Henry Francis Green (February 6, 1844 – May 9, 1917) was an American merchant, banker, manufacturer and politician. He was a member of the New Hampshire Executive Council from 1899 until 1901.

==Biography==
Green was born in Lyndon, Vermont on February 6, 1844. After being educated in public schools he began working for a railway in Vermont. He later worked in a factory in Indiana. He married Jennie Smith on June 18, 1872.

In 1877, he settled in Littleton, New Hampshire, where he became a grocery merchant. In 1879 he began working for the Saranac Glove Company, where he became vice president and treasurer. He also worked in lumbering.
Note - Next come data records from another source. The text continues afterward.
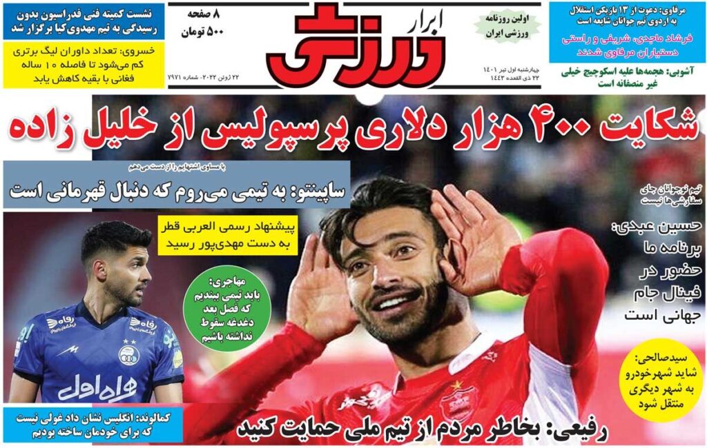 روزنامه ابرار ورزشی| شکایت ۴۰۰هزار دلاری پرسپولیس از خلیلزاده 3 years ago جلد روزنامه ابرار ورزشی چهارشنبه ۱ تیر را میبینید.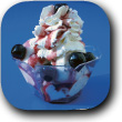 Schokoladeneis, Kirschen mit Soße, Schokostreusel, Kirschlikör, Sahne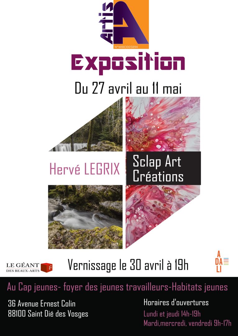 L’exposition collective réunissant Hervé Legrix et Sandra Pierrel se tiendra au Foyer des Jeunes Travailleurs (36 avenue Ernest-Colin, à Saint-Dié-des-Vosges), du 27 avril au 11 mai. Le lieu sera ouvert le lundi et le jeudi de 14 h à 19 h, ainsi que le mardi, le mercredi et le vendredi de 9 h à 17 h. Le vernissage aura lieu le 30 avril à 19 h.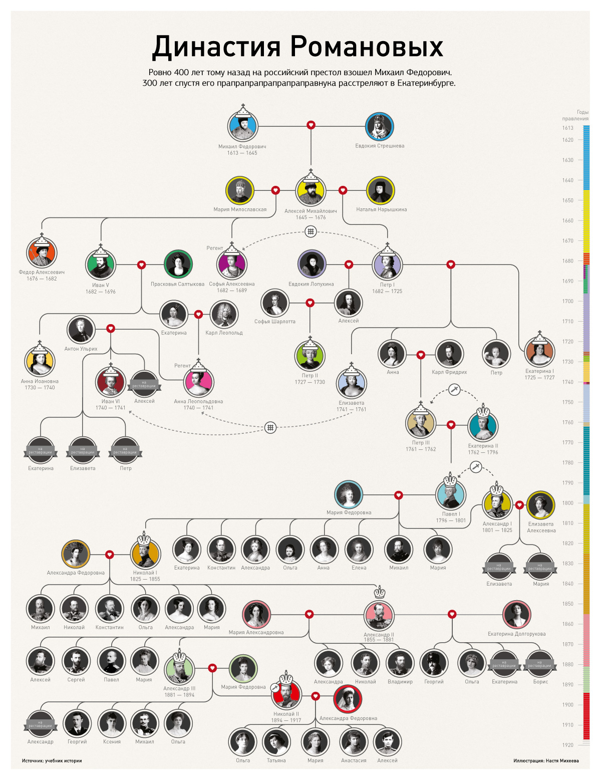 Первым представителем царственной династии стал Михаил, он провел на престоле время с 1613-го по 1645 год.

He later became president of the Littleton National Bank.

A Republican, he was first elected as a representative to the state legislature in 1883, at that time only serving for that year. In the 1890s he served as a selectman in Littleton. He also served for six years as a member of the Grafton County, New Hampshire board of commissioners and on the school board. From 1899 to 1901 he was a member of the New Hampshire Executive Council. In 1901 he was again elected to the state legislature. In 1902 he served as a member of the state constitutional convention. From 1905 to 1911 he was a member of the New Hampshire Board of Bank Commissioners.

He died at his home in Littleton on May 9, 1917.